Expansion of the universe

Last Edited By Krjb Donovan
Last Updated: Mar 11, 2014 07:55 PM GMT

Question

QUESTION: Hi Courtney! Thank you for volunteering!!! Here is my question:


Bruce

ANSWER: The problem is your units (and a probable decimal place error). The "observable" Universe is 13.7 billion light years in radius, not 13.7 billion parsecs. Dividing by 3.26 light years per parsec yields 4 Gpc for the radius, not 13.7. Multiplying by 74.2 km/sec/Mpc yields 297000 km/sec, which is essentially the same as the speed of light. So the numbers come out "right".

This is of course not an accident. The size of the "observable" Universe is defined as the distance at which the expansion velocity would be equal to the speed of light; so if the arithmetic is done correctly, the radius (in Mpc) multiplied by the Hubble constant (in km/sec/Mpc) always comes out equal to the speed of light.

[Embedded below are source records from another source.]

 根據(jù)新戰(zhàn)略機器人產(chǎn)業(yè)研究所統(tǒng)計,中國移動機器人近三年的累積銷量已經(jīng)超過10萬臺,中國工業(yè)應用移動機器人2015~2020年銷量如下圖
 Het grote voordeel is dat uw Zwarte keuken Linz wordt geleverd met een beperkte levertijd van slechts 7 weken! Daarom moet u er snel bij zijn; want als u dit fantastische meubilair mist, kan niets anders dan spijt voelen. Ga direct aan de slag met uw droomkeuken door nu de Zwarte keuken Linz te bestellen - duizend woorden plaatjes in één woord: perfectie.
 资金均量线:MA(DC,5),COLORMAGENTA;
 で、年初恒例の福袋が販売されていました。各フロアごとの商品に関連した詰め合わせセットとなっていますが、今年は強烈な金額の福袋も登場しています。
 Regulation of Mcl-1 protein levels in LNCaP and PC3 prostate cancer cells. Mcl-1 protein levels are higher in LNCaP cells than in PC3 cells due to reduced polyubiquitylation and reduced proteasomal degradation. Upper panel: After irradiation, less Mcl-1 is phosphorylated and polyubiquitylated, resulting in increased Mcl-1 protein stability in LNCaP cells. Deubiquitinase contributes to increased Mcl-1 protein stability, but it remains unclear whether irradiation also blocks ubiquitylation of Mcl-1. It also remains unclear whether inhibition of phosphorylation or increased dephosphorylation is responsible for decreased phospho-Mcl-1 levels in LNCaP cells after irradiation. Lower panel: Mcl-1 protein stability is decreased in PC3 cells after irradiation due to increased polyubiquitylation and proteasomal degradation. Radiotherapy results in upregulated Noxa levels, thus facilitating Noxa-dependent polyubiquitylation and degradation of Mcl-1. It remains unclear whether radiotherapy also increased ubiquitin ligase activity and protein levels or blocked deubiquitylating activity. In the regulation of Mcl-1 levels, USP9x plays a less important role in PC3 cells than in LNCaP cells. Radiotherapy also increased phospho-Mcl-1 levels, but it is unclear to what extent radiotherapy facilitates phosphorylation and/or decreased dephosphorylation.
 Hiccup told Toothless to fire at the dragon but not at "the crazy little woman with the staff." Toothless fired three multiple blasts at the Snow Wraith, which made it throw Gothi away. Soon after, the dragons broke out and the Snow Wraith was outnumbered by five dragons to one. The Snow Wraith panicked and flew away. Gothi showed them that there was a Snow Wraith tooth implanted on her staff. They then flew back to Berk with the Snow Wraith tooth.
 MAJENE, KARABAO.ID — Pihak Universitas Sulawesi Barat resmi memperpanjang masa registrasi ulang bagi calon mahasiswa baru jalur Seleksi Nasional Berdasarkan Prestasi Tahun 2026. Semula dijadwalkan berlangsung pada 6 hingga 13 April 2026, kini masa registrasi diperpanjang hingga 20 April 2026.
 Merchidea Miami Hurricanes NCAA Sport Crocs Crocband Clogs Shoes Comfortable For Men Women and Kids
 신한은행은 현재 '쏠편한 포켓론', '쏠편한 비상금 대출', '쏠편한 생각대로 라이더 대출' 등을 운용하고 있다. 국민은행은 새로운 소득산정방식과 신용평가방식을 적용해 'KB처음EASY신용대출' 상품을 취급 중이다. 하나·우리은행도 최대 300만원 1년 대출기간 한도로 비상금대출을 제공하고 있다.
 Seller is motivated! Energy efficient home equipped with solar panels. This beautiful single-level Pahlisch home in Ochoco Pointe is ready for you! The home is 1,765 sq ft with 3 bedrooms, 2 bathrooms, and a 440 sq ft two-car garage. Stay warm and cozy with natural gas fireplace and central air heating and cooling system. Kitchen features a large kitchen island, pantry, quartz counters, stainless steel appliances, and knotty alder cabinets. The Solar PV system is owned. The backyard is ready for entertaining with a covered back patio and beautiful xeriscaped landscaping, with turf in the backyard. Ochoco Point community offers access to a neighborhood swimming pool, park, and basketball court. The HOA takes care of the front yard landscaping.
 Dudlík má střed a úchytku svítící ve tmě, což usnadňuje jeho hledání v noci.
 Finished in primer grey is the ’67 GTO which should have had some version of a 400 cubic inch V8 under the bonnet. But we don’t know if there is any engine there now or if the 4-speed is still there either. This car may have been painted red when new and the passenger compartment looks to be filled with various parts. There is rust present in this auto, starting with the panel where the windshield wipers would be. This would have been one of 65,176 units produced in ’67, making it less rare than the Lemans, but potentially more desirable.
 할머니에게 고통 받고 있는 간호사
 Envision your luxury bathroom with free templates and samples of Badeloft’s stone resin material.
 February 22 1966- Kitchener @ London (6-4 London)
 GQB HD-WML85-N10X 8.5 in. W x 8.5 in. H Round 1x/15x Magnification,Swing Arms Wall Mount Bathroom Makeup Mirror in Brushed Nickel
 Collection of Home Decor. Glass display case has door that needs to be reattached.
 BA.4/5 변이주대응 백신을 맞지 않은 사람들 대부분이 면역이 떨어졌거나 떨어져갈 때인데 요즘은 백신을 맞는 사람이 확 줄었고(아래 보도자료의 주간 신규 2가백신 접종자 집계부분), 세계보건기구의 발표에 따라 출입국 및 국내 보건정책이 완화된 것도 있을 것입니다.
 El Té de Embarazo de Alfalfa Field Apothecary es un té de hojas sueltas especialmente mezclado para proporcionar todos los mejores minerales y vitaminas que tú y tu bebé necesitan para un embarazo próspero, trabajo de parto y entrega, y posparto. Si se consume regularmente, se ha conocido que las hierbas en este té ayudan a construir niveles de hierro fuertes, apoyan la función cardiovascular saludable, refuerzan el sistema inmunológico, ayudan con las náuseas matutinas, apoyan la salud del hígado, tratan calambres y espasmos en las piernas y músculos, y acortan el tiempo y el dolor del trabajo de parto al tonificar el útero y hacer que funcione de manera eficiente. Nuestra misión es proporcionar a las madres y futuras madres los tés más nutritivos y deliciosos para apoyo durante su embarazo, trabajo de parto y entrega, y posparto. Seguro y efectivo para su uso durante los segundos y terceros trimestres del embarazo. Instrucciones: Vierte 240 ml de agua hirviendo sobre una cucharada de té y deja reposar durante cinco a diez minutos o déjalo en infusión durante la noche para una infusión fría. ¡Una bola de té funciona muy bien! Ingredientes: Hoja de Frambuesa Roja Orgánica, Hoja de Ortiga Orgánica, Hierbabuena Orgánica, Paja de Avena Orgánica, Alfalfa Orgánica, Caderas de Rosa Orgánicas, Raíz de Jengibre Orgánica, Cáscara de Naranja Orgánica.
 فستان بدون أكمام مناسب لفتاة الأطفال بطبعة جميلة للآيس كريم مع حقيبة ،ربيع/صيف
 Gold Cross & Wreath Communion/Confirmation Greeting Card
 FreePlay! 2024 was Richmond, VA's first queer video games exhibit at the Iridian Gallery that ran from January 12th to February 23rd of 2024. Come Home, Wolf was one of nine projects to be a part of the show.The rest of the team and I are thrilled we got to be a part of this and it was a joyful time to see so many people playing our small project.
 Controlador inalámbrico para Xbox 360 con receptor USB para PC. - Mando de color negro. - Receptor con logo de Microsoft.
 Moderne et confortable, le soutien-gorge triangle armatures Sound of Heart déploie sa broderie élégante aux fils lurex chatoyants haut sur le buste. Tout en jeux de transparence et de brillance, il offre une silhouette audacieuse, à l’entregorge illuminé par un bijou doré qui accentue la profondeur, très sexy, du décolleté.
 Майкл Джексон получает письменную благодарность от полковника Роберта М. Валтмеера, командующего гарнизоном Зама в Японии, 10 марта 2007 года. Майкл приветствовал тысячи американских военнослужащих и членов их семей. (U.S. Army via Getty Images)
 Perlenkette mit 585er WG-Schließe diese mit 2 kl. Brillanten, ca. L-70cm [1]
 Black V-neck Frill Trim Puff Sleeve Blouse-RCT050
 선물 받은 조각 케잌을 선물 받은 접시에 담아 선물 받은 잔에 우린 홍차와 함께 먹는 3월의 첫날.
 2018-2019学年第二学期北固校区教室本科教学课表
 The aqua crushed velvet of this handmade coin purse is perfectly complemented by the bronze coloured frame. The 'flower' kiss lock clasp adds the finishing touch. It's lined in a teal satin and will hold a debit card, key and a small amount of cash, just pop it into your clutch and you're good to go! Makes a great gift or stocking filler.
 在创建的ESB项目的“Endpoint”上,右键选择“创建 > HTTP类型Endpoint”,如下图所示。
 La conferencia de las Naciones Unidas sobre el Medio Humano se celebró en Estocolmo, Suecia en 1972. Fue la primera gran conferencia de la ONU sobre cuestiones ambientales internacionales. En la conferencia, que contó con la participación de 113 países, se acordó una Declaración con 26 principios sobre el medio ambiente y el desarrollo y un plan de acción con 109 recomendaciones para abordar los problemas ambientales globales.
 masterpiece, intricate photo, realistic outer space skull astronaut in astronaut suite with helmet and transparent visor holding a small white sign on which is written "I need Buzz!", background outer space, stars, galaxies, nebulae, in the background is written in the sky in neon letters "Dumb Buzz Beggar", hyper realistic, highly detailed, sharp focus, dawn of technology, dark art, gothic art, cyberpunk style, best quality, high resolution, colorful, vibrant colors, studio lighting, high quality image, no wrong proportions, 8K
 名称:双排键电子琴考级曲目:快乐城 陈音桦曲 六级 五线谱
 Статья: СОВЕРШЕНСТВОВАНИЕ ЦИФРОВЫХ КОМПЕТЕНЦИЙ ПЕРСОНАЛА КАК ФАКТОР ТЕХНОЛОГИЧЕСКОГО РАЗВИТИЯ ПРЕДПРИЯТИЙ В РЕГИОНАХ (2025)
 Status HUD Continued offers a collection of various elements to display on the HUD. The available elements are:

The actual size of the Universe, however, is many times larger than that. It's just that regions which lie beyond the "observable" limit can't be observed, because as light travels from there to here, the expansion of the space through which it is traveling carries the light away from us, despite its velocity in our direction.

---------- FOLLOW-UP ----------

QUESTION: This page also says the same thing:

http://en.wikipedia.org/wiki/Observable_universe

The age of the Universe is about 13.7 billion years, but due to the expansion of space we are now observing objects that are now considerably farther away than a static 13.7 billion light-years distance. The edge of the observable universe is now located about 46.5 billion light-years away

Bruce


Answer

It is correct that the objects we now see as they were 13.7 billion years ago are now much farther away. BUT THEY ARE NO LONGER PART OF THE OBSERVABLE UNIVERSE, and how fast they are now moving away from us is irrelevant, since we can no longer see them. We can see them as they were when they were at a distance at which the universal expansion rate between us and them was close to the speed of light; but now that they are much farther away, the space between us and them is expanding at more than three times the speed of light (any given Mpc only expands at 75 km/sec, but there are a lot more Mpc between us and them now than there used to be), so their light can no longer reach us.

As an example, suppose something is now half of 13.7 Gly away, moving away at half the speed of light. As time passes, the amount of space between here and there will increase, and as the object's distance increases, so will its speed. It isn't really speeding up -- in fact, it isn't really moving away from us at all, in the normal sense of the phrase. But the empty space between us and it is expanding at a roughly constant rate, and the more empty space there is, the faster the object will seem to move away from us. At some point it will be 13.7 Gly away, moving away from us at nearly the speed of light. At that point, it would still appear more or less as it was when the light by which we see it left it. Soon afterward, the object would be more than 13.7 Gly away, and the empty space between it and us would have a total expansion rate greater than the speed of light; so it would have moved beyond the observable part of the Universe, into the unobservable part.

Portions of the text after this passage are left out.